Raw microprocessors provide a number of features that make them attractive targets for a memory dependence speculation system like SUDS. First, the low latency communication path between tiles is important for transferring true-dependences that lie along the critical path. In addition, the independent control on each tile allows each processing element to be involved in a different part of the computation. In particular, some tiles can be dedicated as worker nodes, running the user's application, while other tiles are allocated as memory nodes, executing completely different code as part of the runtime system. Finally, the many independent memory ports available on a Raw machine allow the bandwidth required for supporting renamed private variables and temporaries in addition to the data structures that the memory nodes require to monitor may-dependences.

### References

Bernstein, P. A., & Goodman, N. (1980). Timestamp-Based Algorithms for Concurrency Control in Distributed Database Systems. *Proceedings of the Sixth International Conference on Very Large Data Bases* (pp. 285–300). Montreal, Canada.

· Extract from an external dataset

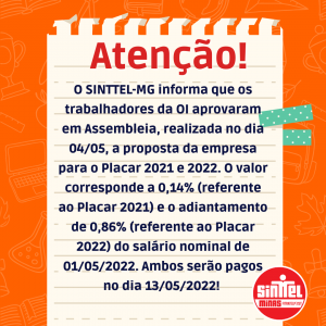 O SINTTEL-MG informa que os trabalhadores da OI aprovaram em Assembleia, realizada no dia 04/05, a proposta da empresa para o Placar 2021 e 2022. O valor corresponde a 0,14% (referente ao Placar 2021) e o adiantamento de 0,86% (referente ao Placar 2022) do salário nominal de 01/05/2022. Ambos serão pagos no dia 13/05/2022!

Cooper, K. D., & Lu, J. (1997). Register Promotion in C Programs. *Proceedings of the ACM SIGPLAN '97 Conference on Programming Language Design and Implementation* (pp. 308–319). Las Vegas, NV.

Franklin, M., & Sohi, G. S. (1996). ARB: A Hardware Mechanism for Dynamic Reordering of Memory References. *IEEE Transactions on Computers*, 45, 552–571.

Lee, W., Barua, R., Frank, M., Srikrishna, D., Babb, J., Sarkar, V., & Amarasinghe, S. (1998). Space-Time Scheduling of Instruction-Level Parallelism on a Raw Machine. *Proceedings of the Eighth ACM Conference on Architectural Support for Programming Languages and Operating Systems* (pp. 46–57). San Jose, CA.